Although the regeneration capability is not as powerful as ESCs, MSCs have their own special properties. First, they can be easily harvested from many kinds of stroma. Bone marrow, adipose tissue, umbilical cord, skeletal muscle, even dental pulp, endometrial polyp, and menstrual blood contain MSCs.31 Second, MHC (major histocompatibility complex) antigens on the surface of MSCs are not expressed as often, making them more compatible with immune system. Third, MSCs target injured organ or tissue and show their pro- or anti-inflammatory effect according to the homing niche.32 MSCs are believed to be promising for the treatment of immune diseases because of these properties, especially in autoimmune diseases.

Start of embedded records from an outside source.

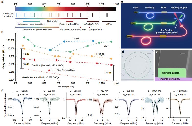 图丨覆盖紫外至近红外波段的超高 Q 值掺锗二氧化硅器件(来源:Nature)
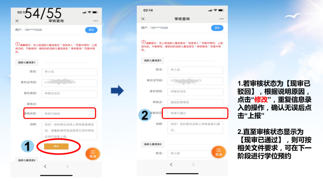 若审核状态为【现审已驳回】,根据说明原因,点击“修改”,重复信息录入的操作,确认无误后点击“上报”。直至审核状态显示为【现审已通过】,则可按相关文件要求,可在下一阶段进行学位预约
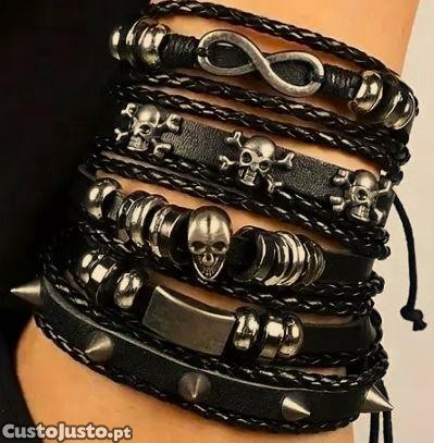 Conjunto de 5 Pulseiras de couro Rock/gótico - PORTES GRÁTIS

AITDs attack functioning follicular cells. Many cytokines and immune cells are involved in AITDs.33 This commonly leads to hypothyroidism. Hashimoto's thyroiditis is recognized as an AITD. It is characterized by lymph cell infiltration, fibrotic changes, and parenchymal atrophy.34 MSCs, which are isolated from human fetal umbilical cord tissue, are found to have therapeutic functions for Hashimoto's disease in rat models. Fewer thyroid lesions and lymphoid infiltration are observed.35 The main mechanism is the modulation of Th17/Treg (T helper cell 17/regulatory T cells) cell balance.36 Choi et al37 used human adipose tissue derived from MSCs (hATMSC) and murine CLTA4Ig (cytotoxic T lymphocyte-associated antigen-4 immunoglobulin) gene-transduced hATMSC to treat mice with autoimmune thyroiditis. Both hATMSC and gene-transduced hATMSC decrease the production of proinflammatory cytokines and turn the Th1/Th2 (T helper cell 1/ T helper cell 2) balance back again. ATMSC from different kinds of mice have the same treatment effect whether they are syngeneic or allogeneic transplantations.37 The intercellular adhesion molecule-1 facilitates the homing process of MSCs after they are injected via veins and modulates the immune cytokines secreted by homed MSCs.38 In a rat's Hashimoto's thyroiditis model, MSCs reduce thyroid lesions through lymphoid infiltration via regulating Th17/Treg cells interactions.36 Another AITD is Graves’ disease, which usually causes Graves’ ophthalmopathy. Human placental MSCs inhibit the activation of orbital fibroblasts and ameliorate adipogenesis in orbital tissue.39,40

As mentioned above, MSCs migrate to inflammatory sites, but can they house cancer sites? The cancer sites are pathologically similar to those unresolved wounds that induce the migration of MSCs around cancers.41 Under magnetic tracing techniques, researchers find that MSCs house various kinds of tumors, acting as both primary and secondary cancer sites for breast cancer,42 lung cancer,43 ovarian tumors,44 and other kinds of malignancies.45 As far as we know, the mechanisms for MSCs’ homing to tumor sits are unclear. In breast cancer, it is believed that TGF-β1 (transforming growth factor-β) attracts MSCs into a cancer niche. Neutralizing TGF-β1 antibodies significantly inhibits the migration of MSCs.42 In addition to housing injured sites, the chemotactic gradients of cytokines and growth factors, such as macrophage-derived chemokine, stromal-derived factor-1, and insulin-like growth factor-1, play significant roles during the migration.46 Jak2/STAT3 (Janus kinases 2/signal transducer and activator of transcription 3), MEK/ERK1/2 (mitogen-activated protein kinase/ extracellular signal-regulated kinase), p38 (mitogen-activated protein kinase p38) signaling pathways, and CXCR4 (C-X-C chemokine receptor type 4) axis are involved in promoting migration of MSCs toward tumor sites.47 MSCs differentiate between pro- and anti-inflammatory cell types according to the homing niche microenvironment. They will become tumor-type cells in the cancer environment. Several reports have showed that MSCs promote tumor growth and metastases.48 So, how can MSCs be used in anticancer treatments? Because of the self-tumor-homing property, MSCs are used as vectors for specific genes in anticancer therapy. Suicide genes, such as cytosine deaminase, herpes simplex virus thymidine kinase (HSV-TK), CYP2B6/cyclophosphamide, and inducible caspase-9/chemical inducer of dimerization, are transferred into MSCs. Those cells are then injected intravenously.49 MSCs with suicide genes inhibit tumor growth50 and suppress cancer metastases.51 Tang and colleagues52 isolated exosomes from MSCs, which inhibit proliferation, invasion, and migration of thyroid carcinoma cells.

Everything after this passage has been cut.